In 1987, after saving the company, Paul sold Vans to a conglomerate for $75 million. When the corporation’s board refused to acknowledge his concerns about diluting the brand, he resigned. 

Meanwhile, Stevie never stopped connecting to skaters and surfers. In 1994, he founded the Vans Warped Tour, which combined skater culture and music. In its 25-year history, the Warped Tour launched Katy Perry, Green Day, Ice-T and Eminem, among other musicians. It represented everything Stevie believed Vans stood for: affordability, accessibility, resilience and character.

More than anyone else on the planet, myself included, Stevie embodies the spirit, the voice, and the face of Vans’ culture — the expression of its DNA.

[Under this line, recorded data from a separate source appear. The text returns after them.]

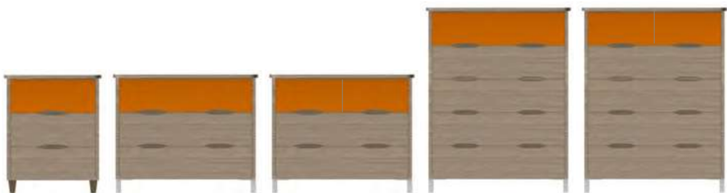
commode 60 cm 74-0360M 60x57x74 cm 49,5 kg
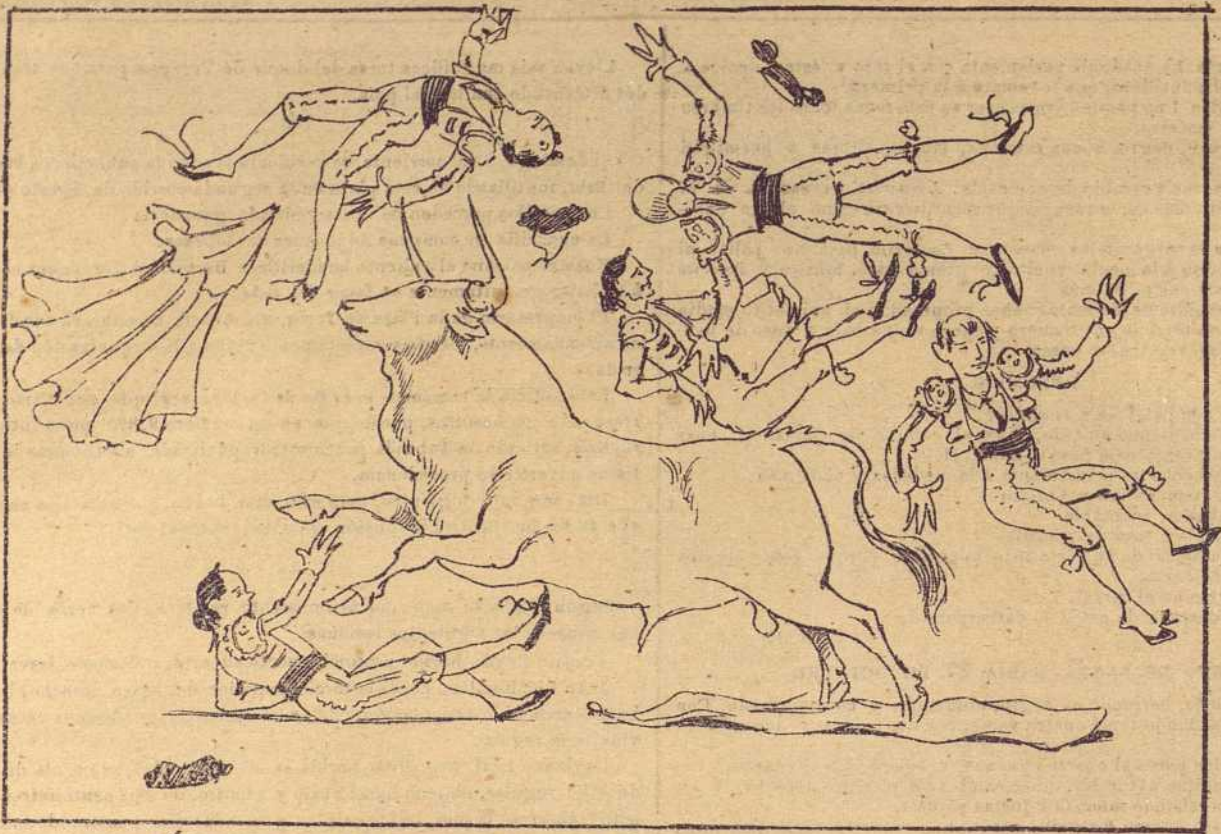
EN MÁLAGA. 20 DE OCTUBRE. - ENSALADA TAURINA.
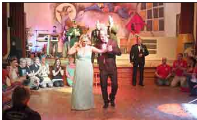
Tanz des Prinzenpaares

Freunde tanzten den Heroldshäuser Volkstanz und luden den Verein und die Gäste zum Mitmachen ein.
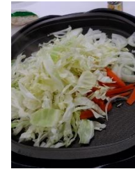
いい匂いが漂ってきそうです♪
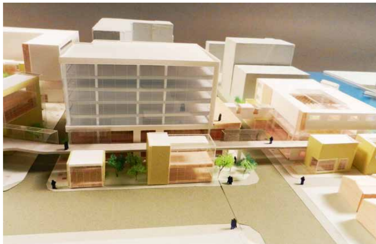
Third places 都市のサードプレイス
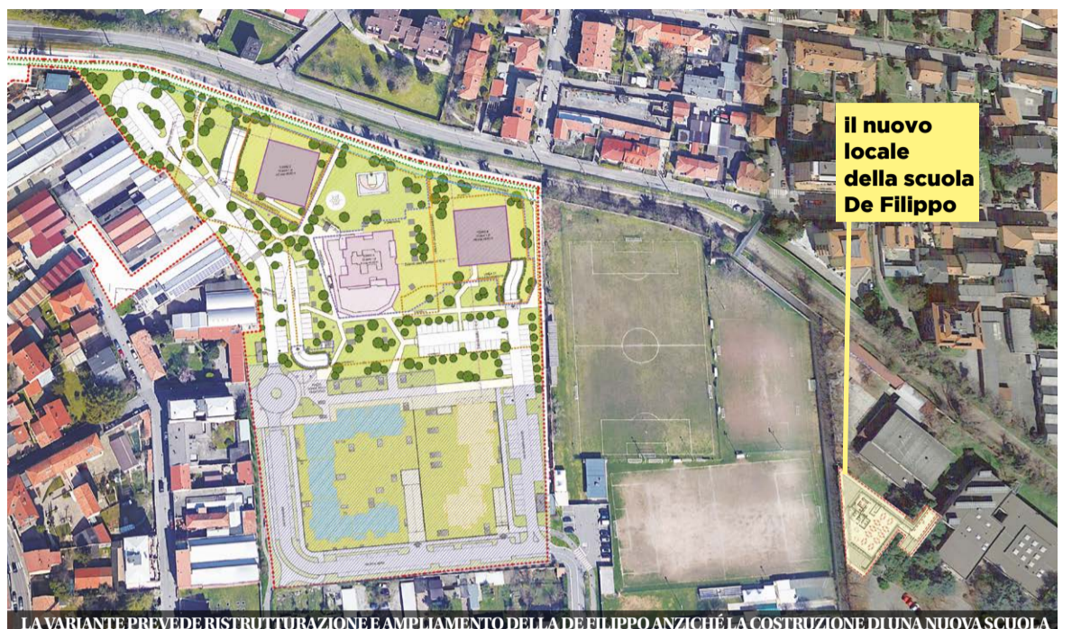
LA VARIANTE PREVEDE RISTRUTTURAZIONE E AMPLIAMENTO DELLA DE FILIPPO ANZICHÉ LA COSTRUZIONE DI UNA NUOVA SCUOLA

realizzando anche un nuovo ambiente polifunzionale che potrà essere utilizzato come mensa, ma anche per diverse attività a servizio della scuola o del quartiere.
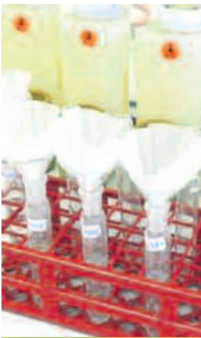
Filtrado del producto de digestión de abonos orgánicos para su posterior determinación.

Tradicionalmente, en las solicitudes de análisis han predominado los encargos sobre fertilizantes minerales, pero cada vez es más importante la demanda de análisis de subproductos de todo tipo, fundamentalmente orgánicos procedentes de la ganadería, pero también de subproductos de la industria agro-
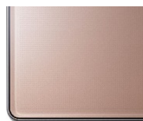
ピンクテラコッタ
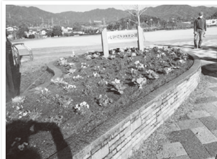
きらきら公園植え替え

今回は葉牡丹とビオラを計350株を植えました。こんな大変な時期ですが、また皆さんに喜んで頂き、元氣をお裾分け出来れば嬉しです♡

By the late 1990s, Vans had lost market share to cheaper competitors. Stevie convinced the company to bring back its “Old Skool” models and checker-board slip-ons. By 2000, Vans had, once again, become a cool brand. In 2004, the VF Corporation fashion conglomerate bought Vans for $400 million, and once again offered customized shoes, as Paul had done in the 1960s. Today, Vans has 18 million Instagram followers because – as Van Doren wrote – the company stayed true to his creed of being authentic and keeping it simple.

Likable Storytelling

Paul Van Doren was a great storyteller, unashamed and at times shameless. He clearly lacked the protective instincts of most CEO memoirists. Writing with a refined, sometimes bitter, sense of humor, he did not shy away from revealing his hard-nosed perceptions and unshakeable faith in his own judgment. Van Doren’s authorial voice is flat-out likable; you will exult in his triumphs and seek his enemies’ downfall. Startup CEOS, especially, and business students will revel in his timeless tactics and his fervent belief in the power of branding. He also offers priceless lessons in building and sustaining a distinctive commercial vision.